» WORK ITEM: Please reproduce the data exactly, though every picture must stay out.

» INFORMATION PROVIDED:
>>>>>
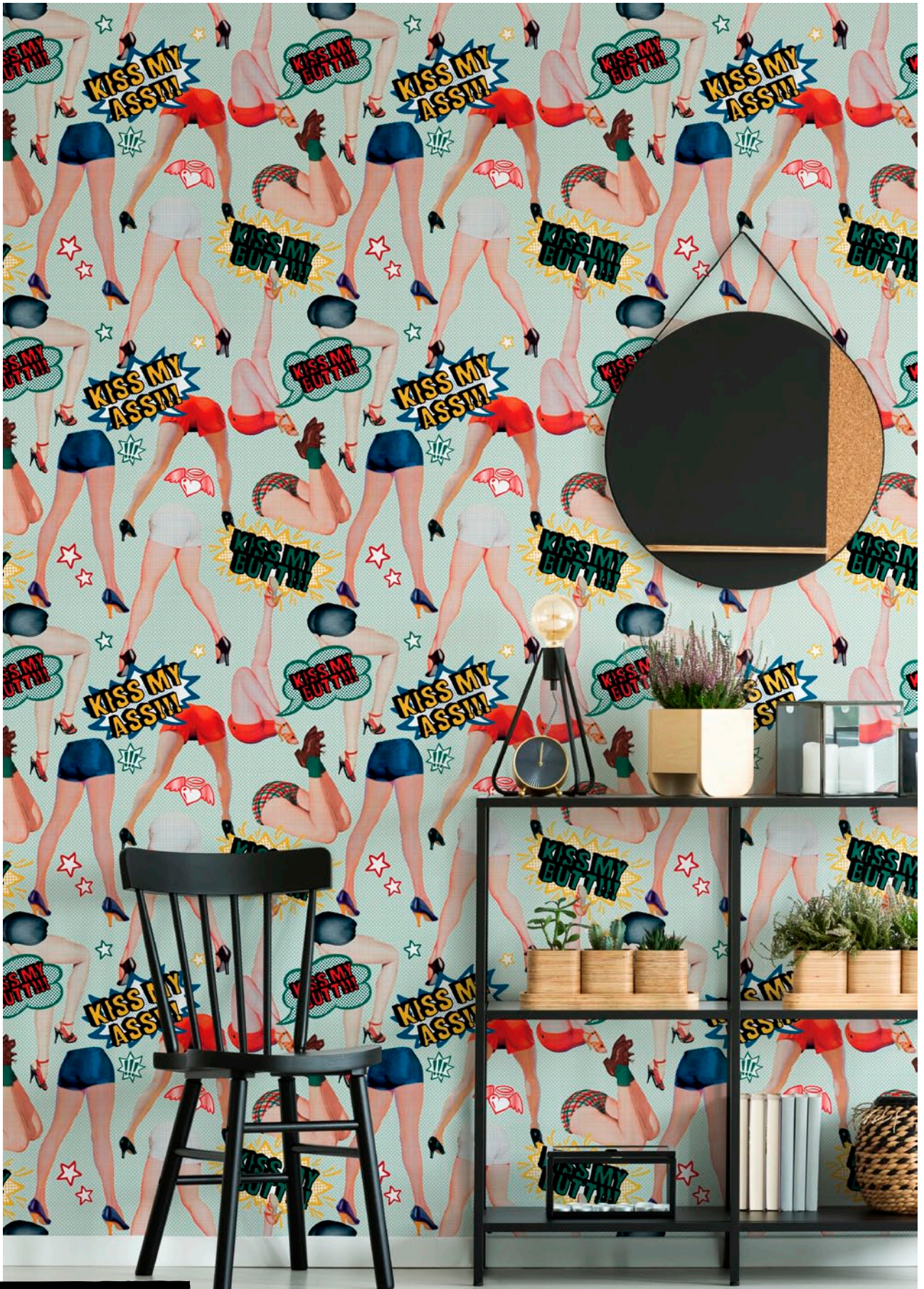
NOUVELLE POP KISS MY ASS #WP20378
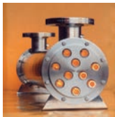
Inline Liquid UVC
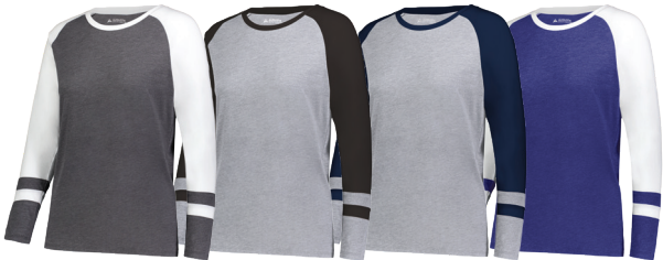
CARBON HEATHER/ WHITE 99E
<<<<<
» EXERCISE ANSWER:
NOUVELLE POP KISS MY ASS #WP20378
Inline Liquid UVC
CARBON HEATHER/ WHITE 99E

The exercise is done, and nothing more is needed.